Each line below from the one containing "Key in your" through the one containing "小蓝翼P7新风风管机全新升级语音中控彩屏,多场景交互一呼即应" is to be given again exactly, and no line outside that span.

Input for this task
▬▬▬
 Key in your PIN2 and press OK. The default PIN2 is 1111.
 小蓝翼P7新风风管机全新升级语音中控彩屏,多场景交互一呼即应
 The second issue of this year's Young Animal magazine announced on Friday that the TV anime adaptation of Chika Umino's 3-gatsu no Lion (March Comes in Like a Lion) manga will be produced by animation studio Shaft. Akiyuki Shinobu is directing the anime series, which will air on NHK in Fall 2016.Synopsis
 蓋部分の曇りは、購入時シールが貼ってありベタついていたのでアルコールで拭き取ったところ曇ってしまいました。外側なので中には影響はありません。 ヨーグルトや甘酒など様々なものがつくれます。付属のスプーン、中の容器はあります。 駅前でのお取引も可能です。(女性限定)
▬▬▬
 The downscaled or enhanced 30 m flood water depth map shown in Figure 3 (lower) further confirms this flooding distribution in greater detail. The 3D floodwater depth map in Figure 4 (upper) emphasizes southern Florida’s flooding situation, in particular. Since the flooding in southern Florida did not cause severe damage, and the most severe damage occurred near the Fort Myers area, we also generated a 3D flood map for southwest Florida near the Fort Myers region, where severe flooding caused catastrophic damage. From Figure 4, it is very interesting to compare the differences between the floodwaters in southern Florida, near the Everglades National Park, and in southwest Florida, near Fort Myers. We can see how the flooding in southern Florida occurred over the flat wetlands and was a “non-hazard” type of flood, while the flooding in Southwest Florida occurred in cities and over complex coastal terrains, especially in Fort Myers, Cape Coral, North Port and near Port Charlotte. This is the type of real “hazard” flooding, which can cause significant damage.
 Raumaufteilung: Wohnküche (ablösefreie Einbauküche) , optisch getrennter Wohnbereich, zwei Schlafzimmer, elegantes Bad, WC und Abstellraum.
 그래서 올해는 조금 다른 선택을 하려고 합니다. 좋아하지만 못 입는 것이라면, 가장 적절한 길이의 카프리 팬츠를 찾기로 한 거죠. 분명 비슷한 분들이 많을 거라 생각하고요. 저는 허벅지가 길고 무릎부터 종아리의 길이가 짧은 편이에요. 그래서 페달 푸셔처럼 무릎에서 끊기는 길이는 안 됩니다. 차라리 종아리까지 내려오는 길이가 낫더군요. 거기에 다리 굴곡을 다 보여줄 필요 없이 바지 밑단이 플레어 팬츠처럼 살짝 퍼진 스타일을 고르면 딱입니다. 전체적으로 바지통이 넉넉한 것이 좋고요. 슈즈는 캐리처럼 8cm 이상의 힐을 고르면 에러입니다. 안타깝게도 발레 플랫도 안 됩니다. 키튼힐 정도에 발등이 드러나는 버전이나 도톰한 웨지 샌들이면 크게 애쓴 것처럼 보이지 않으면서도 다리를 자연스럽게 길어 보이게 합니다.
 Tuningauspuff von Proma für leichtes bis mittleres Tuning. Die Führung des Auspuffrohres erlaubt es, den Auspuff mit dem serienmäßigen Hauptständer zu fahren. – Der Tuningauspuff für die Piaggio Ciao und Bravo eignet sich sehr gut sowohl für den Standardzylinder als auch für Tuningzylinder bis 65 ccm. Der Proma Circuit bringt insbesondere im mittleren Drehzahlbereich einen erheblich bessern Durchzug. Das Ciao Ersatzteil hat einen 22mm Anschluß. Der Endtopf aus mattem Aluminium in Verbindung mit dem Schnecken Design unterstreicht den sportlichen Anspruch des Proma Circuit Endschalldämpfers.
▬▬▬
Result below
 Key in your PIN2 and press OK. The default PIN2 is 1111.
 小蓝翼P7新风风管机全新升级语音中控彩屏,多场景交互一呼即应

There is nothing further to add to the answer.